After brushing his teeth twice and flossing twice, after washing his hands twice before toilet and twice after, Shep returned to the bedroom. He sat on the edge of the bed and took off his slippers.

'You're still wearing socks,' Dylan noted.

Shepherd always slept barefoot. But when Dylan knelt to remove the socks, the kid swung his legs into bed and pulled the covers up to his chin.

Deviations from routine were forced on Shep, always to his deep dismay; he never chose to make them.

Dylan worried, 'Are you all right, kiddo?'

Shepherd closed his eyes. There would be no communication on the issue of socks.

Maybe his feet were cold. The in-window air conditioner didn't cool the room evenly, but sent icy drafts chasing along the floor.

Maybe he was worried about germs. Germs on the carpet, germs on the bedclothes, but only germs that infected feet.

Maybe if you excavated around one of those Easter Island stone heads, you'd find the rest of a giant statue buried in the earth, and maybe when you revealed its feet, the statue would be wearing stone socks, for which an explanation would be as hard to come by as an explanation for Shep's new preference for bedtime footwear.

Dylan was too headachy and too wrung-out weary to care about what the psychotropic stuff might be doing in his brain, let alone to worry about Shepherd's socks. He took his turn in the bathroom, wincing at the haggard face that confronted him in the mirror.

***

Jilly lay in her bed, staring at the ceiling.

Shep lay in his bed, staring at the backside of his eyelids.

The hum and rumble of the air conditioner, at first annoying, settled into a lulling white noise that would mask the bang of car doors and the voices of other guests who might rise with the dawn.

The air conditioner would also ensure that they could not hear the specific engine-noise pattern of a souped-up Suburban or the stealthy sounds of assassins preparing to storm their room.

For a while, Jilly tried to work up a little fear about their vulnerability, but in fact she felt safe in this place, for a while. Physically safe, anyway.

Without an urgent concern for her immediate safety, without active fear to distract her, she couldn't stave off a discouragement that came close to despair. Dylan believed they had a chance to track down Frankenstein's identity and learn the nature of the injections, but she didn't share his confidence.

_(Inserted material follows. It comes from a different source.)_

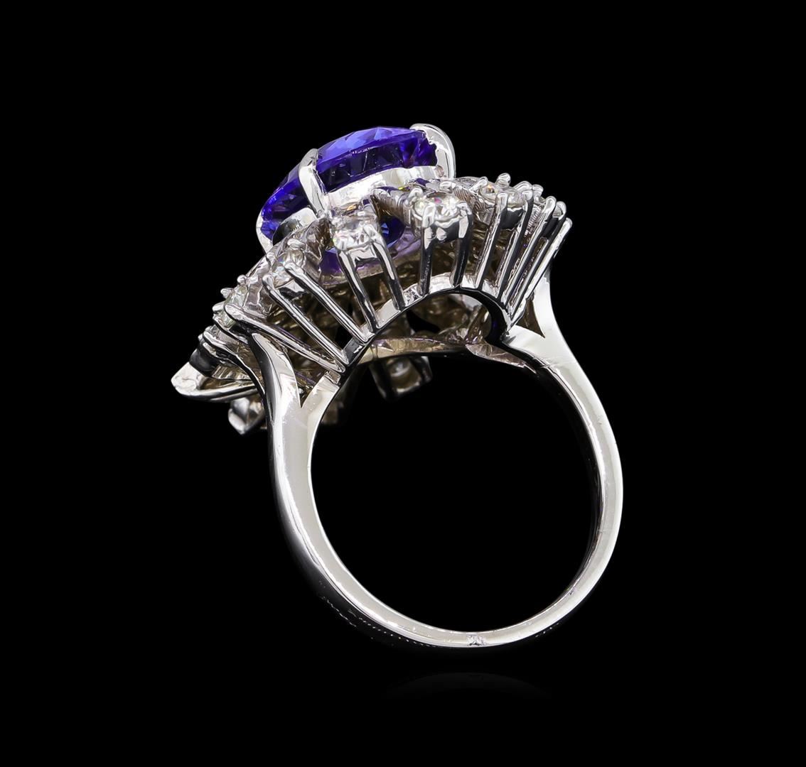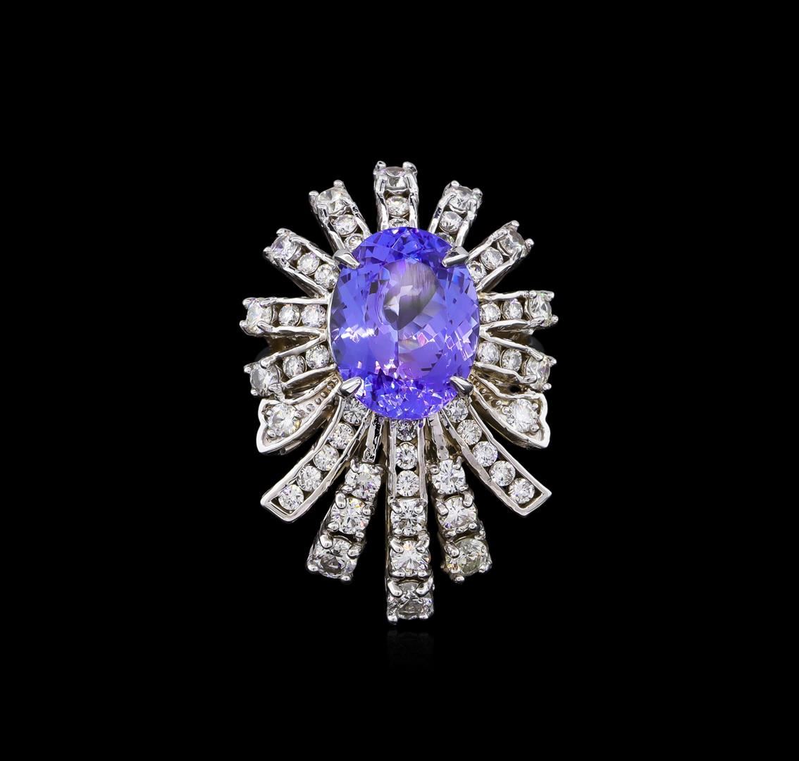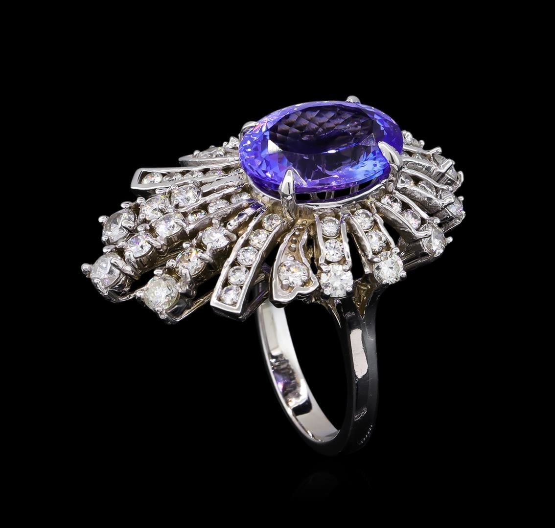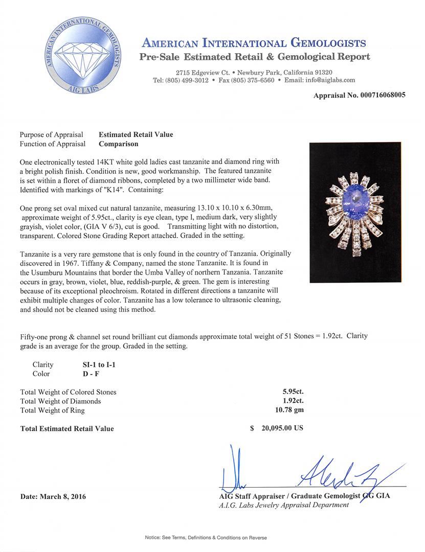 One electronically tested 14KT white gold ladies cast tanzanite and diamond ring with a bright polish finish. The featured tanzanite is set within a floret of diamond ribbons, completed by a two millimeter wide band. Identified with markings of "K14". Condition is new, good workmanship. Containing: One prong set oval mixed cut natural tanzanite, measuring 13.10 x 10.10 x 6.30mm, approximate weight of 5.95ct., clarity is eye clean, type I, medium dark, very slightly grayish, violet color, (GIA V 6/3), cut is good. Transmitting light with no distortion, transparent. Colored Stone Grading Report attached. Graded in the setting. Tanzanite is a very rare gemstone that is only found in the country of Tanzania. Originally discovered in 1967. Tiffany & Company, named the stone Tanzanite. It is found in the Usumburu Mountains that border the Umba Valley of northern Tanzania. Tanzanite occurs in gray, brown, violet, blue, reddish-purple, & green. The gem is interesting because of its exceptional pleochroism. Rotated in different directions a tanzanite will exhibit multiple changes of color. Tanzanite has a low tolerance to ultrasonic cleaning, and should not be cleaned using this method. Fifty-One prong & channel set round brilliant cut diamonds approximate total weight of 51 Stones = 1.92ct. Clarity grade is an average for the group. Graded in the setting. Clarity: SI-1 to I-1. Color: D - F. Total Weight of Colored Stones 5.95ct. Total Weight of Diamonds 1.92ct. Total Weight of Ring 10.78gm. AIG Appraised at $20,095.00.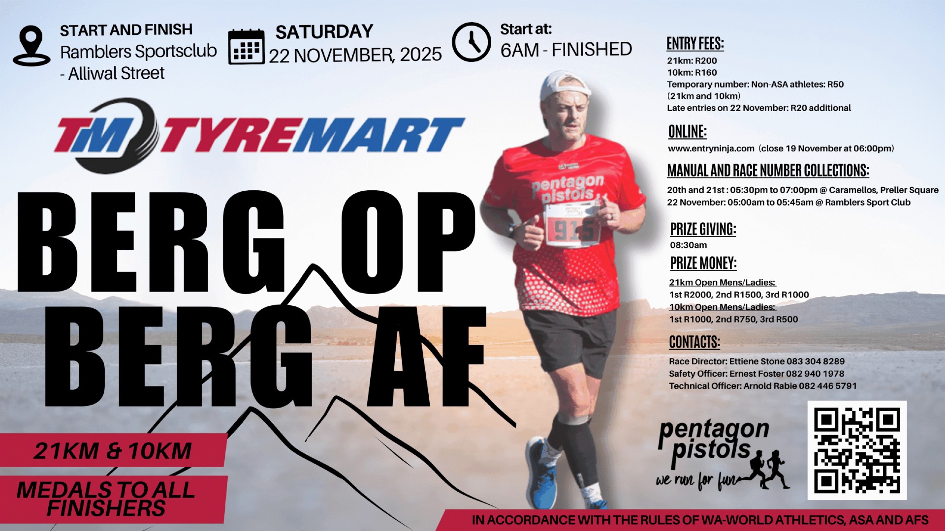 The 2025 Pentagon Pistols Berg-op-Berg-af will take place 22 Nov 2025 from 06h00 at the Ramblers Sports Club, 52 Aliwal St in Bloemfontein, Free State. Distances available include 21.1km and 10km races.

For the first time in years, she wasn't in control of her life. She needed control. Otherwise, she felt as she had felt for too much of her childhood: weak, helpless, at the mercy of pitiless forces. She loathed being vulnerable. Accepting victimhood, taking refuge in it, was to her a mortal sin, yet it seemed now that she had no choice but acceptance.

Some psychotropic hoodoo elixir was at work in her brain, at work on her brain, which filled her with horror when she dared to think about it. She'd never done drugs, had never been drunk, because she valued her mind and didn't want to lose any significant number of brain cells. During all the years when she'd had nothing else, she'd had her intelligence, her wit, her rich imagination. Jilly's mind had been a formidable weapon against the world and a refuge from cruelty, from adversity. If eventually she developed the gluteus muchomega that plagued the women in her family, if her ass grew so fat that she had to be driven everywhere on a flatbed truck, she had always figured that she'd still have her mind and all the satisfactions of that inner life. But now a worm crawled through her brain, not a worm in the literal sense, perhaps, but a worm of change, and she could not know what would be left of her or even who she might be when the worm of change had finished remaking her.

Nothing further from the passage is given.